Suyun Güneş Sistemi’nin dışlarında yoğunlaşmış oluşu, sistemin oluşumundan sonra Güneş rüzgarının etkisiyle iç bölgelerden uzaklaştığını gösteriyor. Ayrıca gezegenler oluştukları sırada kızgın birer kaya kütlesiydi ve en azından 200 milyon yıl kadar suyun buharlaşmadan bu kaya kütlelerinin içinde ya da üzerinde bulunması mümkün değildi. Bu nedenle iç gezegenler soğurken çevrelerinde su içeren molekül bulamazlarken, bu moleküller dış gezegenler ve uyduları tarafından yakalandı.

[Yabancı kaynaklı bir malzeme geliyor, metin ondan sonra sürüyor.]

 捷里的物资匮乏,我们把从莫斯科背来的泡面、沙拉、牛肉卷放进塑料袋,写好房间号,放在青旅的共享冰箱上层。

Meteorolojide “kar hattı” diye bir kavram vardır. Bu kavram “karla kaplı dağlık bölgelerde, daima karla kaplı olan bölgenin yükselti bakımından en alt sınırı” şeklinde açıklanıyor. Gökbilimciler de benzer şekilde, suyun buz halinde bulunabileceği Güneş’e en düşük uzaklığa “kar hattı” diyor. Güneş Sistemi’nin kar hattının kabaca Mars ile Jüpiter arasında, asteroit kuşağının dışlarında olduğu tahmin ediliyor. Her ne kadar kesin bir çizgi olmasa da Güneş’e bu hattan daha uzakta olan suyun buz halinde bulunduğu kabul ediliyor.

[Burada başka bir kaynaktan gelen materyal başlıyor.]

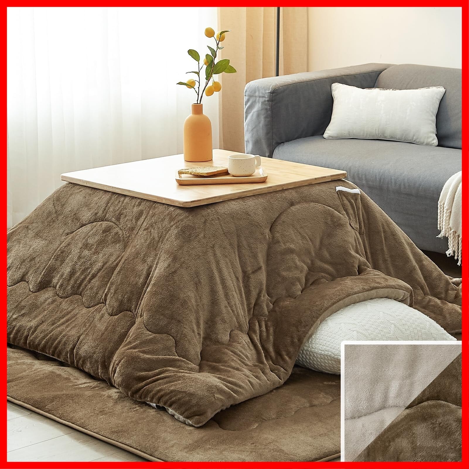 【新着商品】VK Living こたつ布団 正方形 単品185×185cm 中綿1.5kg 【SUPER HOT】 発熱綿使用+LockHeat速暖発熱繊維 撥水加工 ポケット付き フィットキルト こたつ掛け布団 リバーシブル 両面使える フランネル 24時間持続制菌消臭 保温性 丸洗いOK 静電気防止 毛抜けない ベージュ/ブラウン | Cherry Blossoms

Atmosferin olmadığı ortamda buz doğrudan su buharına dönüşebiliyor, yani süblimleşebiliyor. Ancak bu, sıvı haldeki suyun buharlaşarak su buharına dönüşmesine göre çok daha yavaş gerçekleşiyor. Gezegenler güçlü kütleçekimleri sayesinde sıvı haldeki suyun uzaya kaçmasını önleyebiliyor, ama su toz parçacıklarının, küçük göktaşlarının, kuyrukluyıldızların ve asteroitlerin kütleçekiminden kolayca kaçabiliyor. Bu nedenle özellikle küçük cisimlerin su içermesi ancak kar hattının ötesindelerse mümkün görülüyor. Bunun en güzel göstergesi kuyrukluyıldızlar.